We also find that both the synthesis and emphasis affordances facilitated users' internalisation of knowledge and helped with managing their goal expectations (Bower, 2008; Deng et al., 2010; Lin, 2011). These affordances may in turn support improved information quality for both knowledgeable and less knowledgeable users, a key antecedent of user satisfaction in e-learning (Cidral et al., 2018; Esteban-Millat et al., 2014; Mohammadi, 2015; Sun et al., 2008). Results also show how the related affordances of learning pathway and clarity support ease of use by ensuring the user feels a sense of orientation in the platform and understands the purpose of actions. This ensures that users can concentrate on what they are doing (to the exclusion of other stimuli) and recover from any negative critical incidents that might arise (Deng et al., 2010; Esteban-Millat et al., 2014; Pallud and Monod, 2010). Lastly, we see how the goal-planning affordance transforms user learnings into possibilities for action, once content is tailored to the resources available to users (Strong et al., 2014). User perceptions are tightly bound to the interaction between IT features and their goal expectations (Deng et al., 2010; Pallud and Monod, 2010). We also find that users may also derive symbolic expressions (e.g. “helpful”, “useful”) through goal-planning which they in turn attach to an open e-learning platform (Markus and Silver, 2008; Pallud and Monod, 2010). This goes beyond technical considerations alone and requires equal consideration of users' positive and negative emotive responses to an e-learning platform (Pallud and Monod, 2010).
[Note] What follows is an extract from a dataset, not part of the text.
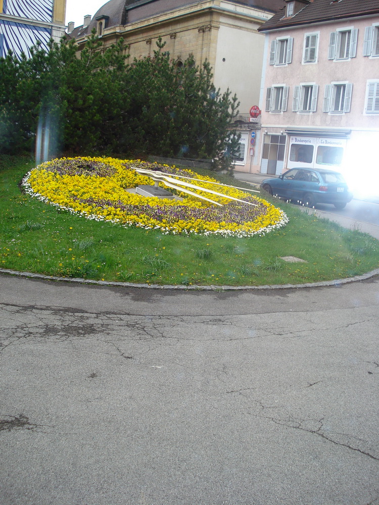 Там даже на жилых домах часы, причем часы действующие! На здании храма, и, конечно, на зданиях фабрик или представительств часовых марок - это обязательно. В Ле Локли мы увидели даже часы-клумбу - и эти часы тоже шли.

Table 4 presents a set of affordances which were operationalised in the ACT4ECO case, and summarises the learnings that designers garnered to better support the operationalisation of these affordances in future versions of the e-learning platform.

The design and development of different affordances is not a once off event, however, and ongoing adaptations are needed to sustain user engagement over time. This is of particular concern for the acceptance–discontinuance anomaly in open e-learning given the propensity for increased dropout rates over time. To ensure continuity of use beyond initial design, we suggest that open IT artefacts should remain in a state of perpetual evolution. Affordance redesign should seek to adapt existing features in a way that continually drives users towards more challenging actions with the promise of achieving more rewarding goals. This could take the form of learning pathways that re-enforce the need to take more energy efficient actions so as to realise greater cost saving and decreased CO2 emissions. A more sustainable model of open e-learning can be supported by keeping a watchful eye on system analytics (e.g. user engagement and progress) and developing two-way communication between users and the design team. This ensures that feature scaling is informed by an ongoing evaluation of the design–reality gap and e-learning affordances.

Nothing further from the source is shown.